On the policy side, Asia lacks inter-regional hydrogen diplomacy. In the EU region, you see common platforms to push the hydrogen economy. In Asia, there is no representation of hydrogen on platforms like the South Asian Association for Regional Co-operation or the Association of Southeast Asian Nations.

What kind of innovations could improve project economics?

One area is trying to reduce electrolysers' requirement for 24-7 electricity. The idea here is to develop direct DC-coupled hydrogen microgrids, so that energy storage systems are not required in between. If we can develop something like this, it can reduce costs.

Secondly, using artificial intelligence for two key purposes — predictive maintenance of machines and dynamic load shaping. At Arup, we are doing a lot of work in this space. This, along with energy optimisation, could impact up to 15-20pc of the lifecycle costs of hydrogen.

We are also trying to address the fact that the engineering world lacks hydrogen-specific references. The current engineering models used are retrofits from the hydrocarbon sector. We're assuming many things based on that experience — using those factors and scaling parameters to design hydrogen plants, which will introduce a lot of engineering risks in the future. Particularly for the Indian ecosystem, there is a need to devise the stage-gate approach in these new energy domains. The mechanism that can move from concept to feasibility in a phased manner is currently missing due to an assumption that the hydrogen and green molecule industry is mature and can be scaled up with the traditional approach.

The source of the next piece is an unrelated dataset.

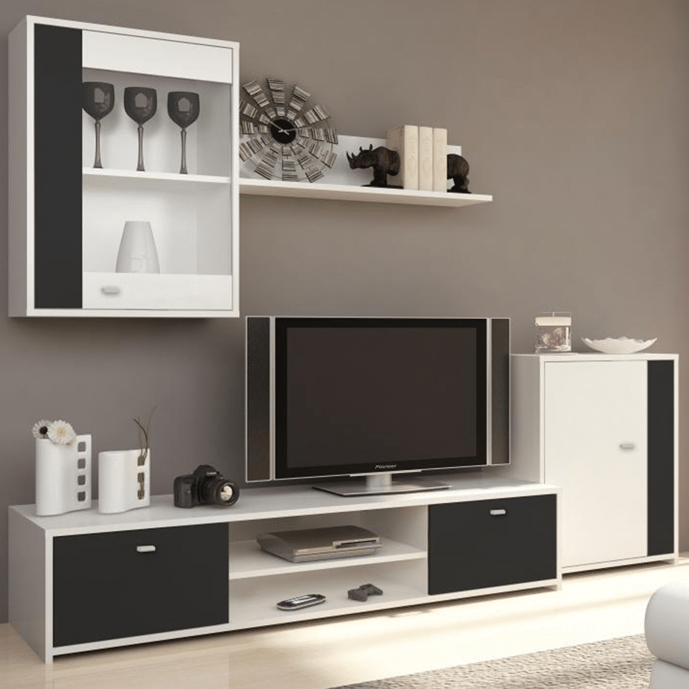Obývacia izba GENTA vo farebnom prevedení biela/čierna. Materiál laminovaná DTD a ABS hrany.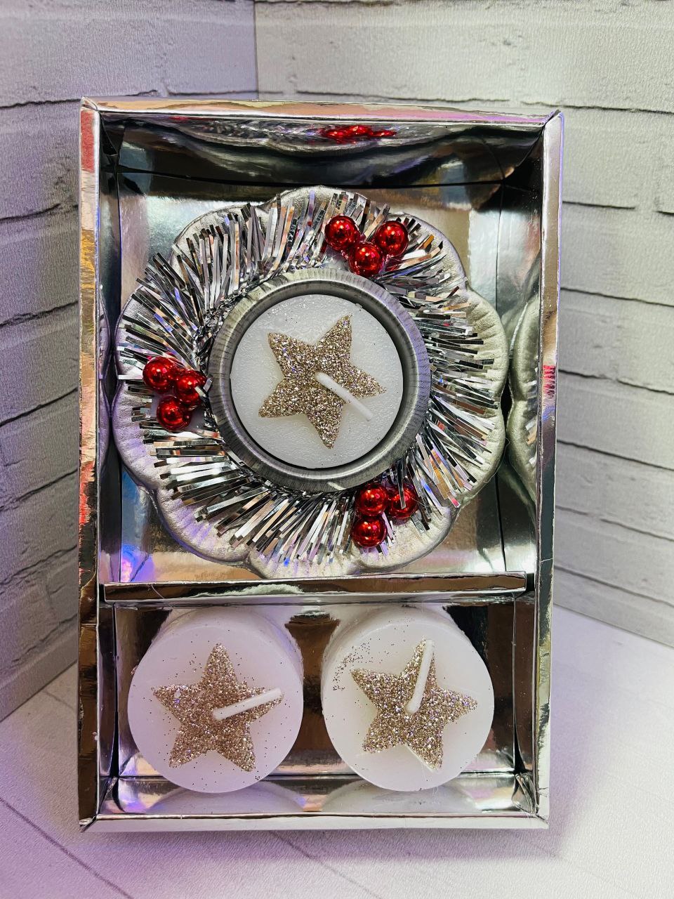 Ищете оригинальный новогодний подарок, который создаст праздничную атмосферу и порадует каждого? Представляем новогодний набор свечей — стильный и яркий элемент декора, который обязательно привлечёт внимание! Без запаха, они могут использоваться в закрытых помещениях, не вызывая дискомфорта, что делает их универсальным решением для вечеринок, торжественных ужинов, семейных застолий или романтического вечера. Свечи поставляются в компактной и удобной подарочной упаковке — это готовый новогодний подарок, который приятно дарить и получать! Добавьте в ваш дом тепло, комфорт и яркие эмоции в Новый год 2026, украсив пространство стильными и блестящими свечами, которые можно использовать как элемент декора даже после праздников!

What is your view on the Indian production-linked incentive (PLI) schemes for green hydrogen production and electrolyser manufacturing?

We need to understand the fundamental deficiencies of the PLI scheme. It is focused on triggering production, but doesn't cover system-level integration, and it ignores the ecosystem interdependence — things like land, utilities, renewable energy and offtake. This can lead to stranded assets. This is a concern for companies, which is why they are reshaping their strategies and the pace at which they are moving forward. And the scheme doesn't de-risk demand. Lastly, the scheme favours incumbents over innovators. There's a need for traditional energy incumbents to align with innovators, start-ups and incubators to find novel solutions.

What else can the government do to support the sector?

More than subsidies, what's really needed are predictive sovereign guarantees from the government, meaning price floors that are linked to macro variables in the hydrogen ecosystem — like renewable energy tariffs, ammonia demand, etc. This will make the system self-correcting. The guarantor won't need to overpay, and sovereign guarantees would kick in when there's stress in the market. This would depend on how commodity prices behave in international markets, for products like methanol and ammonia, where we see a lot of price volatility.

It's very similar to how crop insurance works in agriculture. There, adjustments are made based on changing weather conditions. In this case, the weather conditions can be replaced by the ecosystem — such as changing renewable energy prices or fluctuations in ammonia and methanol prices.